Lumberjacking, Almost skunking, and Ridiculousness

Posted by MNAngler On August - 12 - 2011


Day 2 of our Gunflint Trail weekend turned out to involve even less fishing than day 1, which I didn’t realize until I sat down to write this blog post. You would have thought that so little fishing would have bothered me, but it didn’t because I was having too much fun doing other things.

We spent much of the morning and afternoon taking down a couple of 30 ft trees because one of them was growing into the roof of the outhouse. We ended up taking down two trees (and a third little one) because the one was in the way of the other in the direction we wanted to fell it.
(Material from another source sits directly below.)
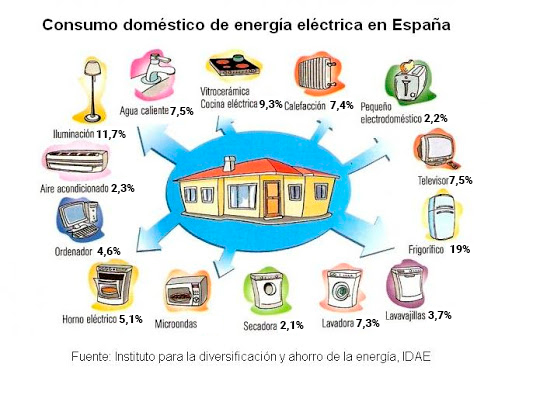Los hogares españoles son responsables del 18,5% de la energía que se consume en España. Este porcentaje se incrementaría un 17% más si tuviéramos en cuenta el uso del coche en las familias españolas. Un hogar medio en España consume cerca de 4.000 kWh al año de electricidad. En el caso de un hogar que dispusiera de todos los servicios y equipos de suministro eléctricos, el reparto medio sería el siguiente:

About mid-afternoon, just as we were finishing up, Ken’s sister and niece showed up. We were expecting them and had a few hours to sit and chat before we had dinner. After dinner we spent several hours sitting and chatting as well. I didn’t mind missing fishing for the visit because the two are always fun to, well, sit and chat with. Ken’s brother-in-law was always a riot as well and we all missed him at the table.

Our visitors stayed til 8pm, so Ken, George, and I only got out for an hour before the skeeters started eating us alive. Since we were short on time, we only went as far as Kloek channel and none of us had so much as a nibble.

Almost Skunking

The next morning, I finally had enough energy to get up early to try my luck. I was on the water by 6:30am and headed to Voyager’s Bay.

I started with the bubble gum fluke and got nothing. I then switched to a wacky worm and concentrated off shore a bit to avoid getting hung up. One on cast, I pulled on some weeds, but the weeds fought back. I tried to set the hook, but missed it. Without reeling up, I lifted twice more before getting hit again. But I missed again.

More wacky worm rigging didn’t yield anything so I also tried a texas rigged sinking minnow, tried wacky rigging the sinking minnow (which promptly got snagged, even in the middle of the bay), and a white pearl fluke. No more bites.

I put on a rattling Rapala to troll home and that’s when my saving grace hit. A small 10″ smallie on the way past the island at the entrance of Voyager’s Bay.


That afternoon, Ken, George, and I tried our luck in some howling winds. George and I were thinking of portaging into Prune Lake for crappie, but decided it was too windy. We hit Lindner Alley with Ken instead. Ken and I trolled with dipsy divers while George mostly cast. We were targeting Lake Trout but would have also been happy with Northern. Ken was trolling a large, colorful shad rap while I trolled with a 5 of diamonds. We were seeing all kinds of fish on the graph, but we couldn’t get any of them to bite.

After about an hour of fighting the wind, we decided to head into Dark Arm Bay (which is long and narrow) where we could be sheltered from the wind. Ken had lost his dipsy diver and Rapala on a snag out in the open water, so he put on a flashy spoon like lure with heavy weights. I stuck with my dipsy diver and 5 of diamonds. When we got to a narrowing of the long bay, we saw a smattering of fish at 11 ft and when my lure passed it, I felt some resistance. I set the hook and everybody got excited as I reeled in. Unfortunately, it was just weeds.

We made our way into the end of the bay where there were a lot of downed trees and calm water. I started casting with a bubble gum fluke and George cast with the shad rap he had success with the day before. Ken became a chauffeur.

I felt a nip on one cast, but it turned dead after a few seconds. The odd thing was that it kind of bounced even after it went dead. We went to retrieve it and I was able to get it loose.

A few casts later, deeper in the bay, I got hit again. I was sure I had a fish, but again, it went dead. We went to retrieve it again, but this time, I was able to see my fluke attached to a branch. But to my surprise, a fish was still attached to my fluke! And the fish had a spot of white on its tail. It was a walleye!

I tried to pull the line up to pull up the branch so I could try to free the hook, but all I was able to do was break off the end. I couldn’t pull the line up high enough to reach the hook or the fish. I was using braid, so I knew the line wouldn’t break, but it was cutting into my finger as I pulled on it.

George is a good 6 inches taller than me, so I thought he would be able to reach it with his longer arms. I wrapped the braid around our emergency paddle to be able to pull on the twig harder.

George said the fish was only about 9″ long, but we were feeling too guilty to just cut the line. We spent a good 20-30 minutes trying to get the dang hook out of the dang twig to rescue the walleye. And George finally did it. He lifted it out of the water into the pontoon when it did a little shimmy-shake and it was gone.

We were going to let it go anyway, but it would have been nice to get a picture of our prize. It was much George’s catch as mine by the time he was done.

What a ridiculous afternoon. We chuckled all the way home.